→ SOURCE MATERIAL
>>>

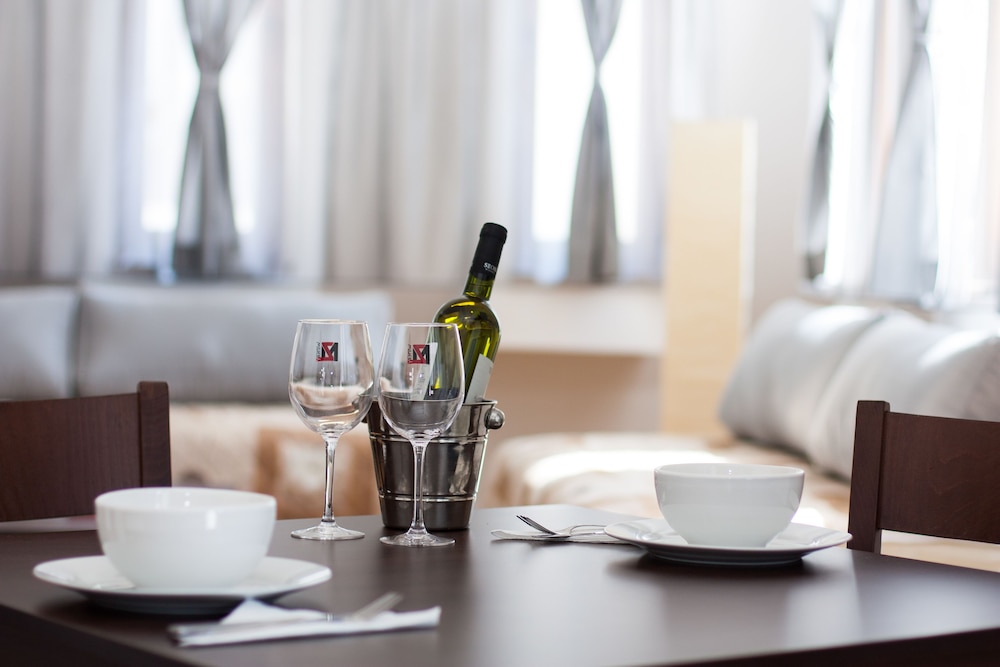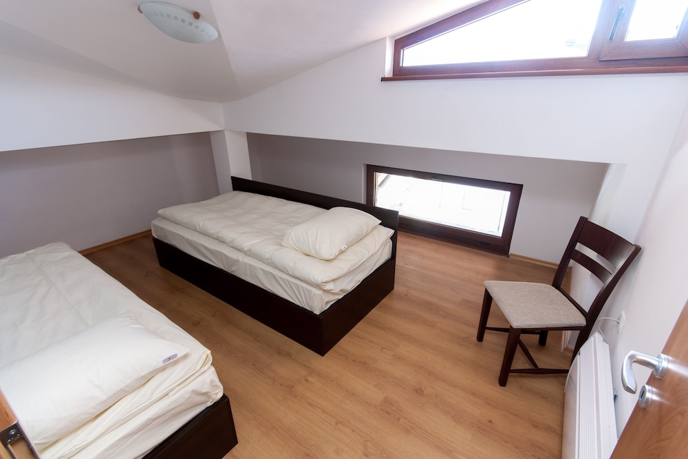 Ruby Tower is a nice, small apartment building about a 5-minute walk to the town shops/restaurants. It's about a 10-minute walk from the town center, and probably 15 minutes to the base gondola. For skiing, most of the shops will pick you up at your hotel with your skis, so just make arrangements the day prior. For us (family of 5), this worked out great. Back to the apartment, it is roomy and spacious. There's a supermarket right around the corner, so you can buy b-fast or dinner items to cook in the apartment. The staff was very friendly. The rooms were clean, and we found the beds comfortable. We thought this was a great value for the price, and Bansko was a fun town to spend a few days. We definitely recommend Ruby Tower.
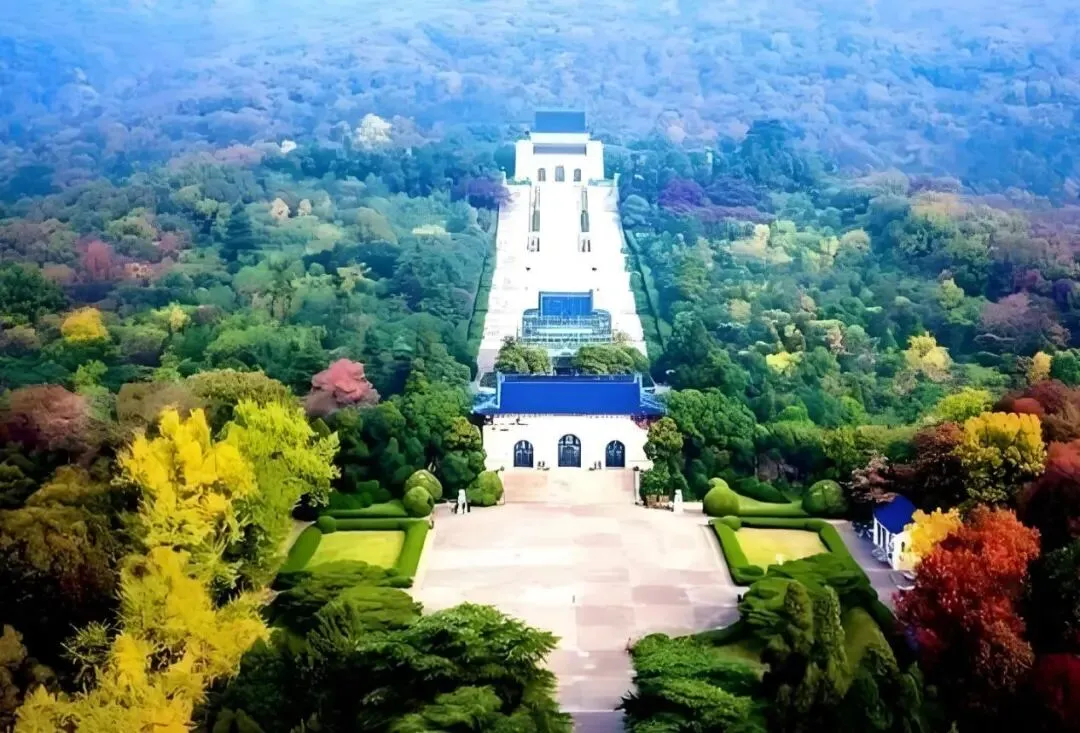 紫金山南麓的蓝瓦白墙建筑群,392级台阶象征当时中国人口,音乐台鸽子盘旋时,可感受"天下为公"的博大气象。
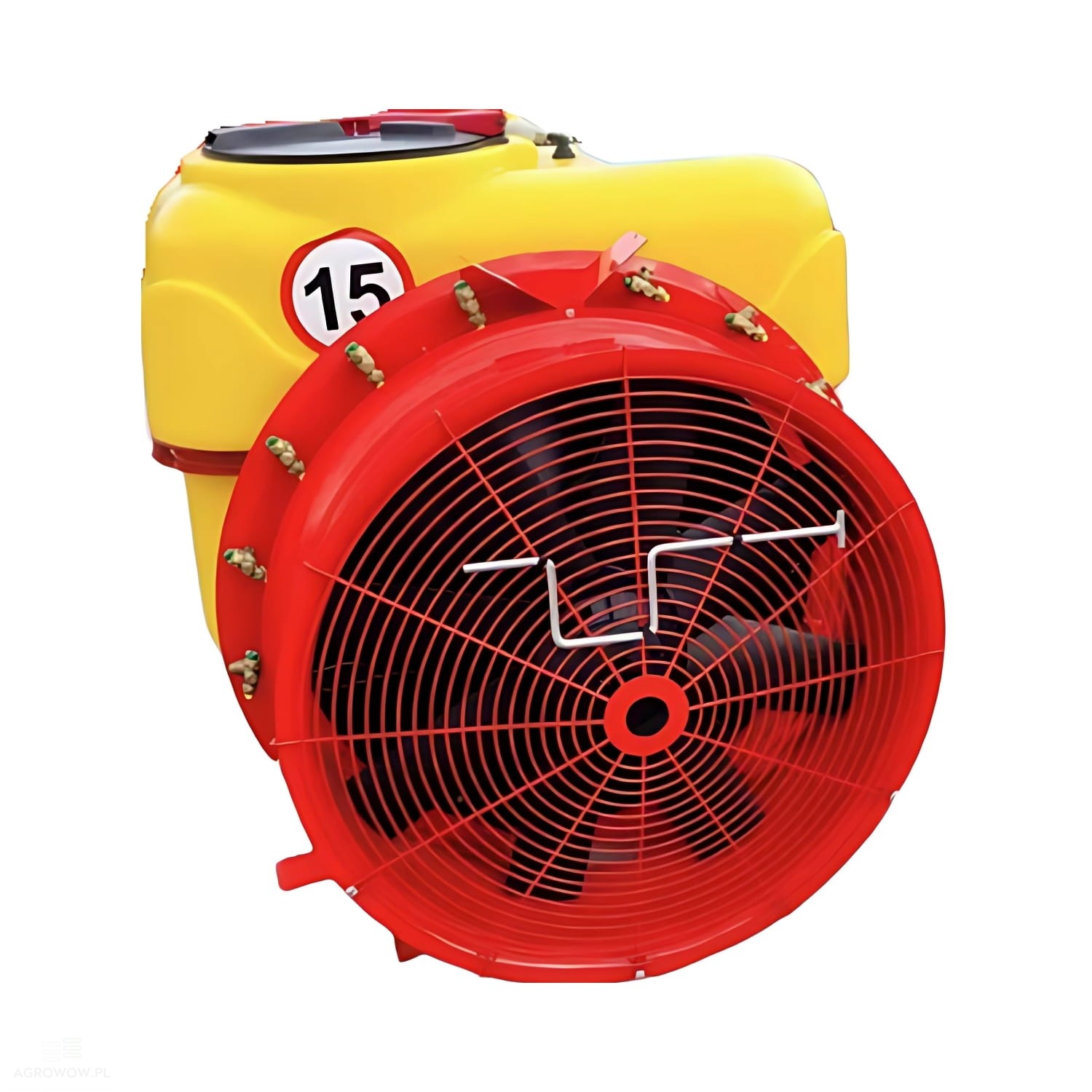 - Sercem układu roboczego jest wentylator promieniowy o średnicy Ø825 mm, który generuje strumień powietrza na poziomie od 16 000 do 48 000 m³/h. Dzięki temu ciecz robocza jest skutecznie rozprowadzana po całej powierzchni roślin, także w silnie ulistnionych koronach drzew.

<<<

→ WORK INSTRUCTION
Put each line of the listing above into the copy exactly, dropping the pictures.

→ WRITTEN REPLY
 Ruby Tower is a nice, small apartment building about a 5-minute walk to the town shops/restaurants. It's about a 10-minute walk from the town center, and probably 15 minutes to the base gondola. For skiing, most of the shops will pick you up at your hotel with your skis, so just make arrangements the day prior. For us (family of 5), this worked out great. Back to the apartment, it is roomy and spacious. There's a supermarket right around the corner, so you can buy b-fast or dinner items to cook in the apartment. The staff was very friendly. The rooms were clean, and we found the beds comfortable. We thought this was a great value for the price, and Bansko was a fun town to spend a few days. We definitely recommend Ruby Tower.
 紫金山南麓的蓝瓦白墙建筑群,392级台阶象征当时中国人口,音乐台鸽子盘旋时,可感受"天下为公"的博大气象。
 - Sercem układu roboczego jest wentylator promieniowy o średnicy Ø825 mm, który generuje strumień powietrza na poziomie od 16 000 do 48 000 m³/h. Dzięki temu ciecz robocza jest skutecznie rozprowadzana po całej powierzchni roślin, także w silnie ulistnionych koronach drzew.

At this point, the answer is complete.